[Extracted data entries]

● ● ● ● ● ● ●

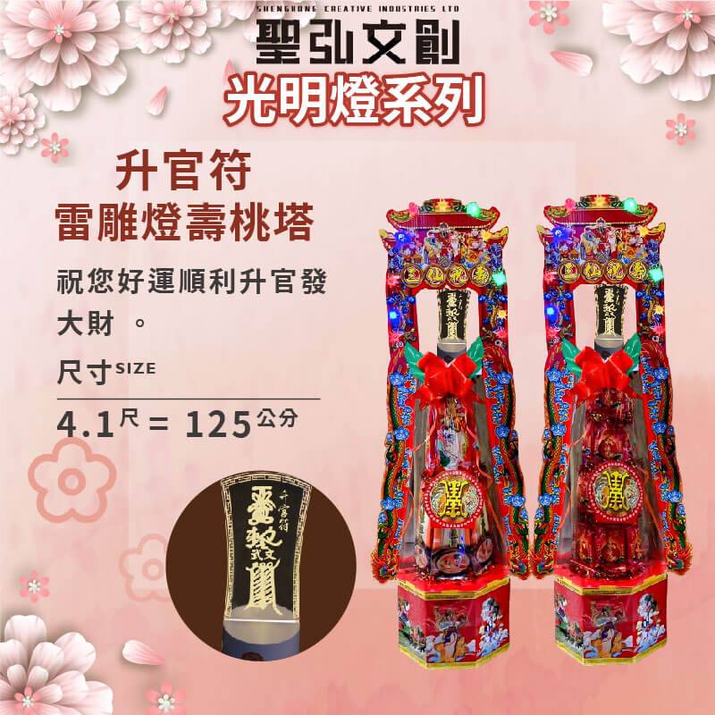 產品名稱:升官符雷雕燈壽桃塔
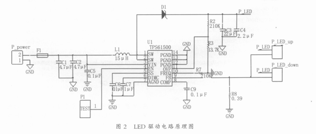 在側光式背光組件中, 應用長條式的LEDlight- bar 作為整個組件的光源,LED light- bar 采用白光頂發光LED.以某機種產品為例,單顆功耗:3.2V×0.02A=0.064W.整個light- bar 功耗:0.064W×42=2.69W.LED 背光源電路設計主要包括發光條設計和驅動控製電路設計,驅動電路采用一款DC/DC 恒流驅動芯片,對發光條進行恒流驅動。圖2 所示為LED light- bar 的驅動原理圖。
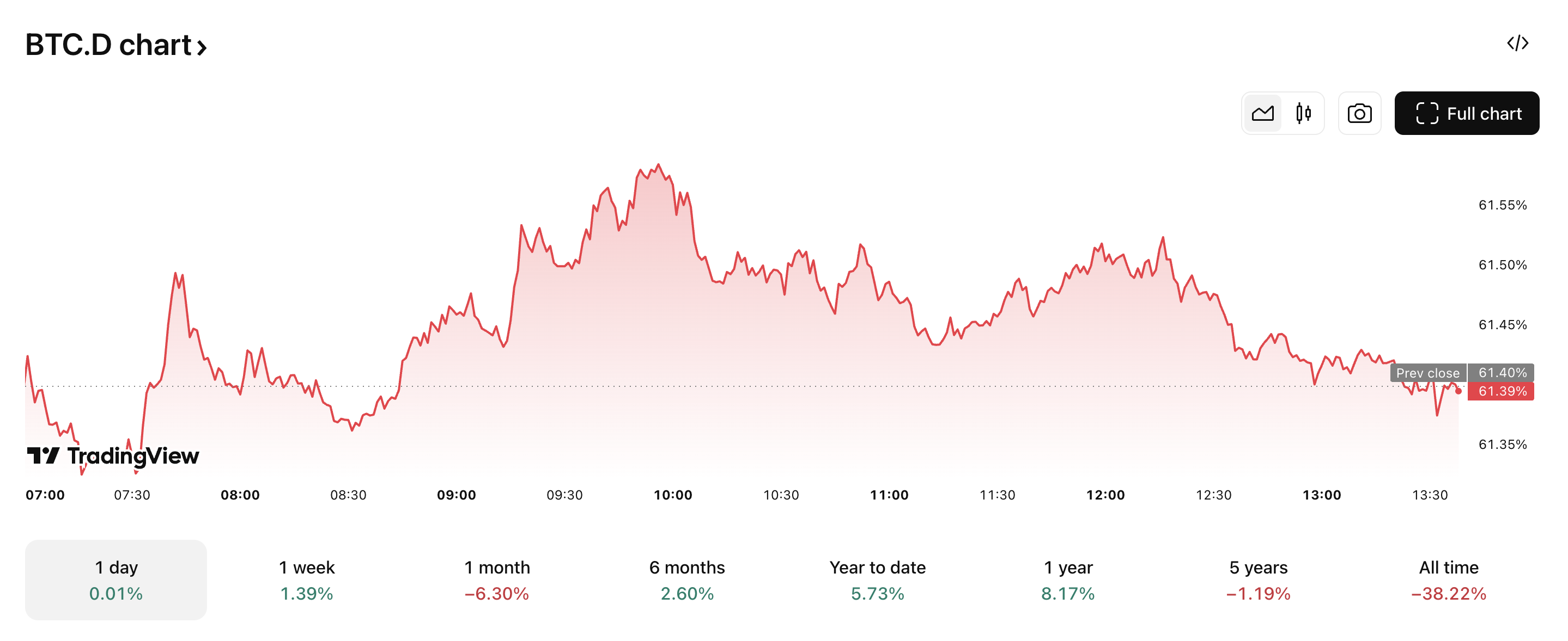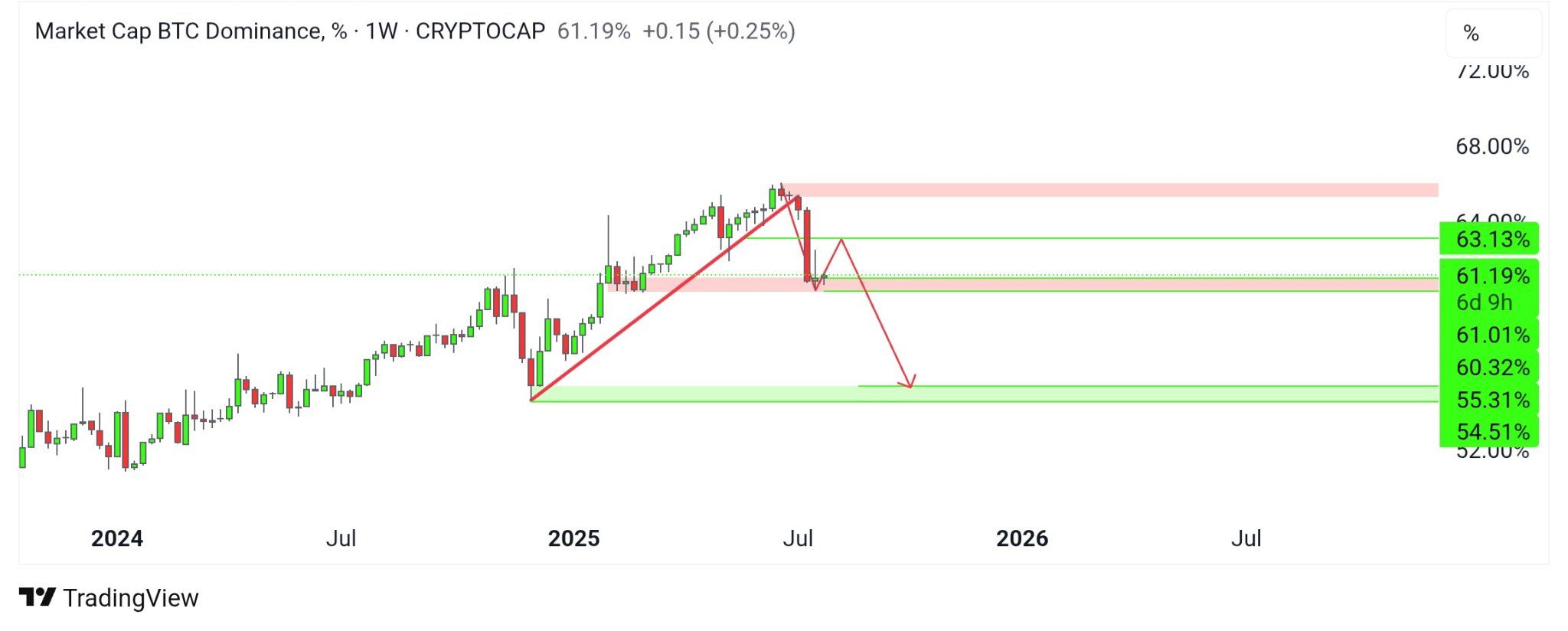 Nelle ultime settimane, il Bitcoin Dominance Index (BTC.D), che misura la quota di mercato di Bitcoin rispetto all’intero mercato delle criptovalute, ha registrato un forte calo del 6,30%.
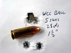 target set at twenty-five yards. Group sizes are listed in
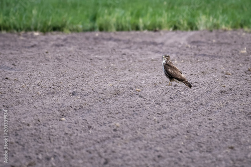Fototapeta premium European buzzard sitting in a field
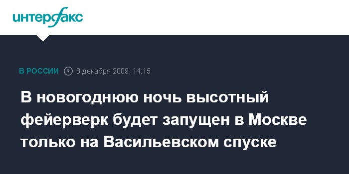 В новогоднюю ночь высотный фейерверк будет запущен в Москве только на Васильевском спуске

● ● ● ● ● ● ●

◆ **INSTRUCTIONS TO FOLLOW**:
The reply should reproduce every entry above word for word and contain no pictures.

◆ **WRITTEN RESPONSE**:
 產品名稱:升官符雷雕燈壽桃塔
 在側光式背光組件中, 應用長條式的LEDlight- bar 作為整個組件的光源,LED light- bar 采用白光頂發光LED.以某機種產品為例,單顆功耗:3.2V×0.02A=0.064W.整個light- bar 功耗:0.064W×42=2.69W.LED 背光源電路設計主要包括發光條設計和驅動控製電路設計,驅動電路采用一款DC/DC 恒流驅動芯片,對發光條進行恒流驅動。圖2 所示為LED light- bar 的驅動原理圖。
 Nelle ultime settimane, il Bitcoin Dominance Index (BTC.D), che misura la quota di mercato di Bitcoin rispetto all’intero mercato delle criptovalute, ha registrato un forte calo del 6,30%.
 target set at twenty-five yards. Group sizes are listed in
Fototapeta premium European buzzard sitting in a field
 В новогоднюю ночь высотный фейерверк будет запущен в Москве только на Васильевском спуске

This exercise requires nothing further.